--- Data to process ---
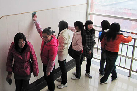 学生在教学楼清理污垢
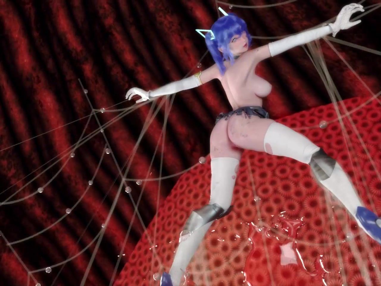 Scary big spider arranged tripple penetration tangled in the web girl
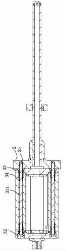 圖3示出了本實(shí)施例的磁致伸縮位移傳感器的剖切面,標(biāo)記同圖1和圖2中相對(duì)應(yīng),可以看到,空心螺帽34與前蓋32、圓柱體狀空心部311、后蓋33之間的螺紋,以及螺柱35與連接基座2的螺紋,優(yōu)選的,所述連接基座2的螺紋部長(zhǎng)度大于連接基座厚度的一半,可以使連接更牢固。
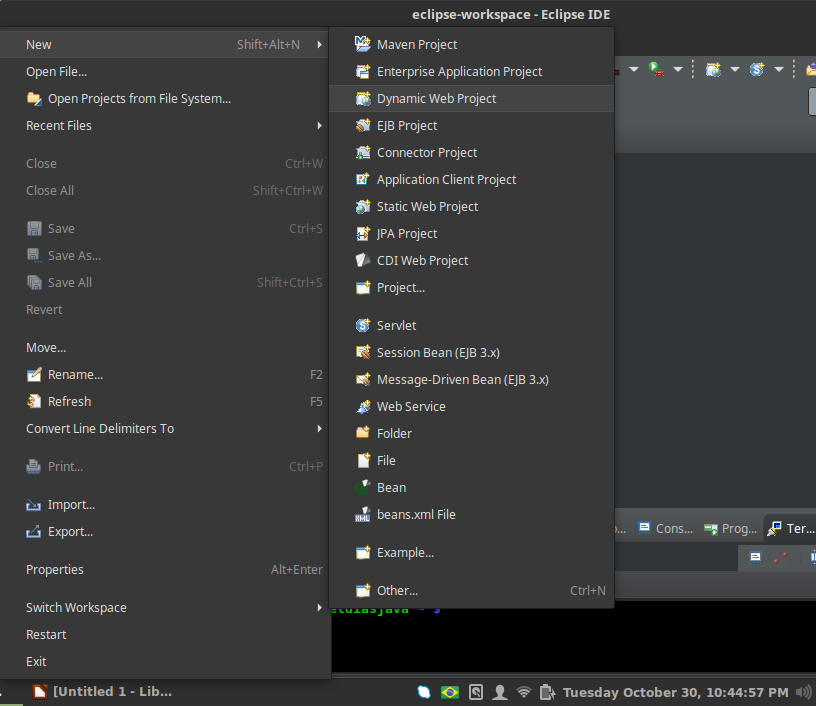 parece que houve alteração na IDE Eclipse quando vai criar um projeto Web. Ela não está batendo com o passo a passo do FJ21 da Caelum. Não consigo achar onde criar um projeto Dynamic Web Project. Sabe se estão usando outra forma? Podem me ajudar? Estou usando a versão 4.9 do Eclipse. O Tomcat está instalado e já testei no browser. Vlw!!
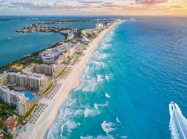 Con sus playas de fina arena blanca, aguas azul turquesa y espectaculares arrecifes de coral que yacen frente a sus costas, Cancún es uno de los destinos turísticos más populares de México. En el Boulevard Kukulkán, mejor conocido como la zona hotelera, encontrarás hoteles, restaurantes, centros comerciales y clubes nocturnos. Además, cuenta con diversas playas con certificación Blue Flag, donde los visitantes pueden disfrutar de interminables y memorables días. Algunas de las playas más bonitas de la zona hotelera son Playa Gaviota Azul y Playa Delfines. Cancún es un paraíso para los amantes de la naturaleza, la aventura y la cultura Maya, así como de grandes bellezas naturales que puedes encontrar en la Laguna Nichupté.
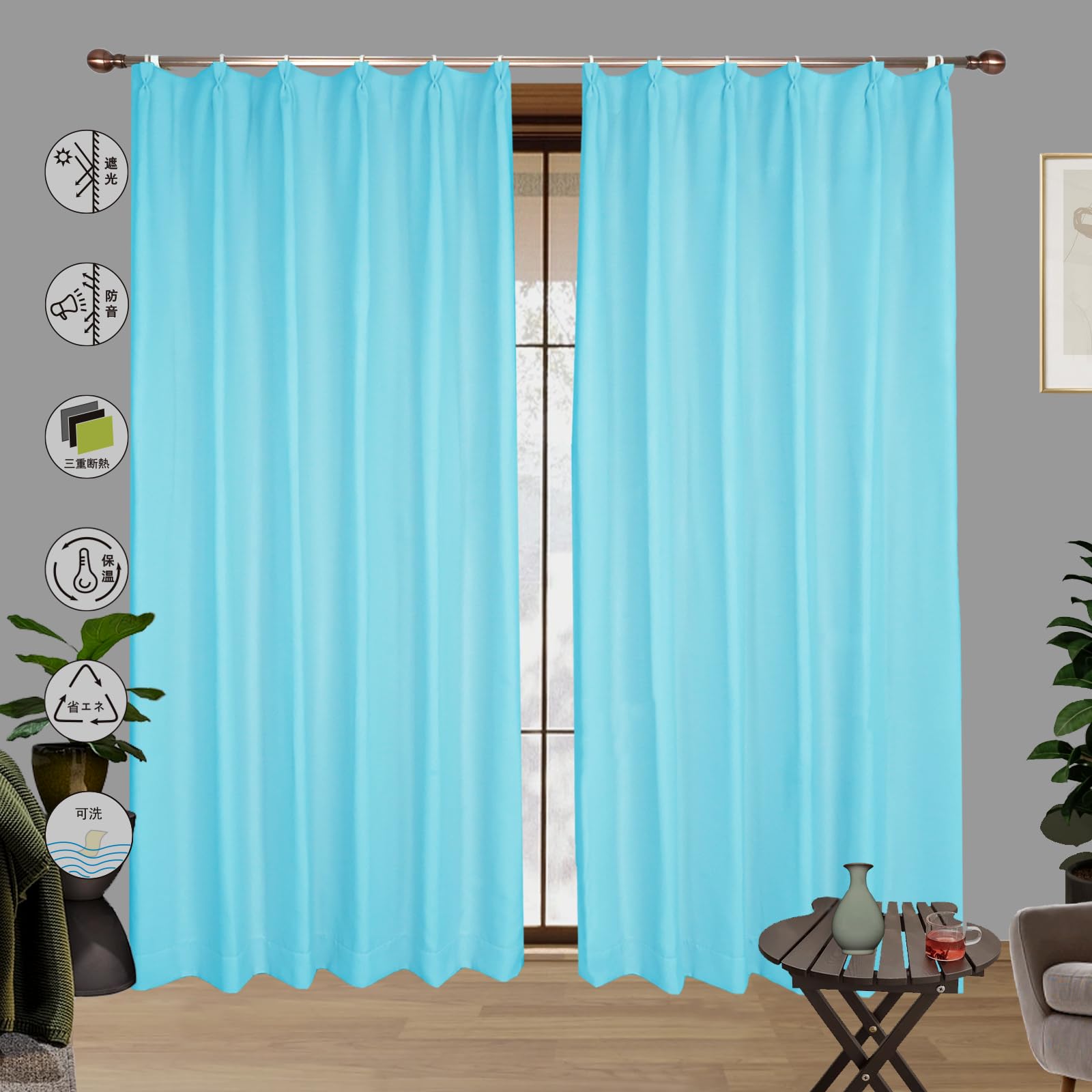 【Yunlinhui】一级遮光カーテン2枚組 無地 厚手のカーテンは効果的な断熱 保温 防音 吸音 ファッションカーテンには形態記憶加工が施されている 省エネ 洗濯可能 昼夜遮蔽 リビング用 寝室 部屋 コーヒーショップ 小窓
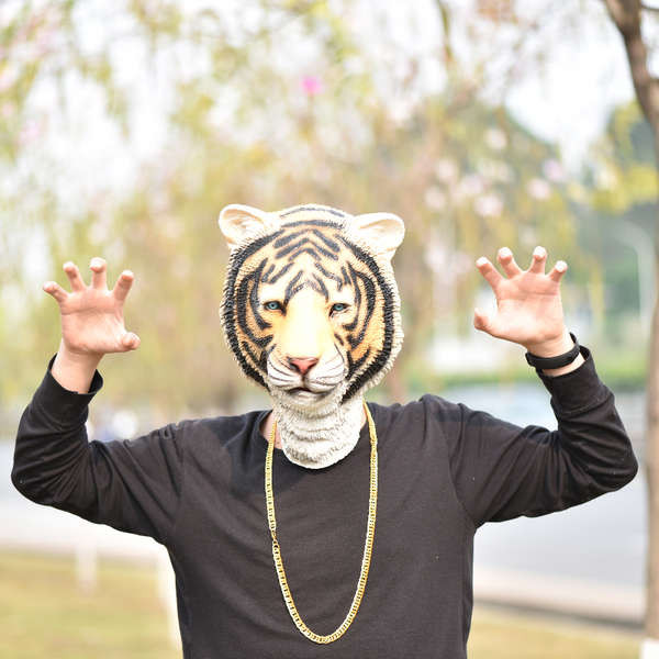 หน้ากากสัตว์ฮาโลวีน Masquerade ผู้ใหญ่ Tiger Husky Latex หน้ากากหมวกสัตว์ Golden Retriever หัวสุนัข
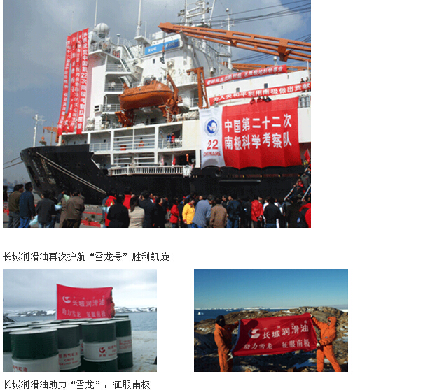 值得驕傲的是,此次南極科考活動中,長城牌全合成四沖程摩托車油、全合成CF-4柴油發(fā)動機油,以及低溫液壓油、全合成齒輪油、全有機型發(fā)動機冷卻液等產(chǎn)品在南極中山站的陸地設(shè)備上得到全面應(yīng)用,經(jīng)受住了極地的酷寒考驗,充分顯示了長城潤滑油的卓越品質(zhì)。
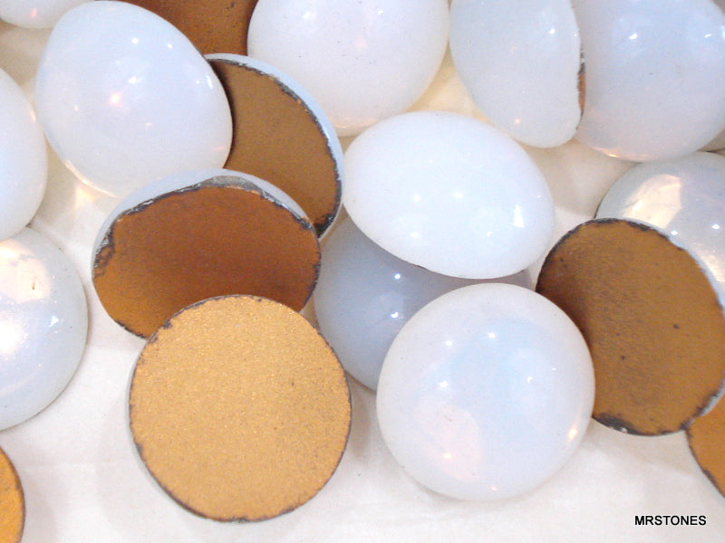 18 mm 18.0 (2194) White Opal Rounds Cabochons Gold Foiled Vintage West German Glass Stones.
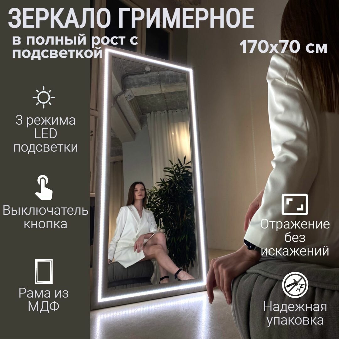 Интерьерное зеркало в полный рост 170х70 см с подсветкой. Цвет Лофт Белый. Зеркало настенное, напольное гримерное в раме 13 600 ₽
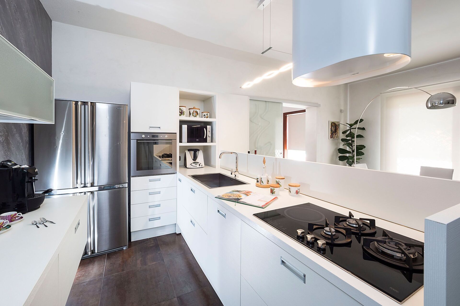 Kitchen + living room: well equipped kitchen, dining table (people: 10), dishwasher, fridge, freezer, microwave, stove top, oven, italian coffee machine, WIFI internet, internet, air conditioning.
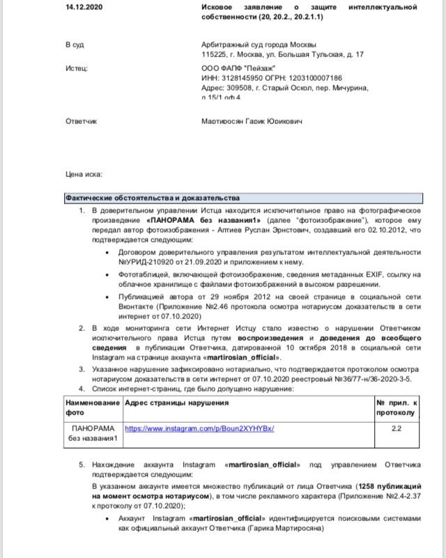 Гарик Мартиросян в 2018 г. зачем-то разместил в своем аккаунте в Instagram**** фото «Панорама без названия-1», права на которое принадлежат Руслану Аптиеву.
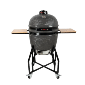 De Grill Guru Original Large beschikt over een roestvrij stalen grillrooster van ø 46 cm, een binnen vuurkorf en vuurring van vuurvast keramiek, een poeder coated frame op zwenkwielen met rem en twee handige bamboe inklapbare zijtafels. Daarnaast is het compleet met een plate setter, een regenhoes, een aspook en een flip grid grill.
---
## What to work on
Please give back an exact copy of the entries above from their first line through the line containing "Интерьерное зеркало в", leaving the pictures aside.

## Written answer
 学生在教学楼清理污垢
 Scary big spider arranged tripple penetration tangled in the web girl
 圖3示出了本實(shí)施例的磁致伸縮位移傳感器的剖切面,標(biāo)記同圖1和圖2中相對(duì)應(yīng),可以看到,空心螺帽34與前蓋32、圓柱體狀空心部311、后蓋33之間的螺紋,以及螺柱35與連接基座2的螺紋,優(yōu)選的,所述連接基座2的螺紋部長(zhǎng)度大于連接基座厚度的一半,可以使連接更牢固。
 parece que houve alteração na IDE Eclipse quando vai criar um projeto Web. Ela não está batendo com o passo a passo do FJ21 da Caelum. Não consigo achar onde criar um projeto Dynamic Web Project. Sabe se estão usando outra forma? Podem me ajudar? Estou usando a versão 4.9 do Eclipse. O Tomcat está instalado e já testei no browser. Vlw!!
 Con sus playas de fina arena blanca, aguas azul turquesa y espectaculares arrecifes de coral que yacen frente a sus costas, Cancún es uno de los destinos turísticos más populares de México. En el Boulevard Kukulkán, mejor conocido como la zona hotelera, encontrarás hoteles, restaurantes, centros comerciales y clubes nocturnos. Además, cuenta con diversas playas con certificación Blue Flag, donde los visitantes pueden disfrutar de interminables y memorables días. Algunas de las playas más bonitas de la zona hotelera son Playa Gaviota Azul y Playa Delfines. Cancún es un paraíso para los amantes de la naturaleza, la aventura y la cultura Maya, así como de grandes bellezas naturales que puedes encontrar en la Laguna Nichupté.
 【Yunlinhui】一级遮光カーテン2枚組 無地 厚手のカーテンは効果的な断熱 保温 防音 吸音 ファッションカーテンには形態記憶加工が施されている 省エネ 洗濯可能 昼夜遮蔽 リビング用 寝室 部屋 コーヒーショップ 小窓
 หน้ากากสัตว์ฮาโลวีน Masquerade ผู้ใหญ่ Tiger Husky Latex หน้ากากหมวกสัตว์ Golden Retriever หัวสุนัข
 值得驕傲的是,此次南極科考活動中,長城牌全合成四沖程摩托車油、全合成CF-4柴油發(fā)動機油,以及低溫液壓油、全合成齒輪油、全有機型發(fā)動機冷卻液等產(chǎn)品在南極中山站的陸地設(shè)備上得到全面應(yīng)用,經(jīng)受住了極地的酷寒考驗,充分顯示了長城潤滑油的卓越品質(zhì)。
 18 mm 18.0 (2194) White Opal Rounds Cabochons Gold Foiled Vintage West German Glass Stones.
 Интерьерное зеркало в полный рост 170х70 см с подсветкой. Цвет Лофт Белый. Зеркало настенное, напольное гримерное в раме 13 600 ₽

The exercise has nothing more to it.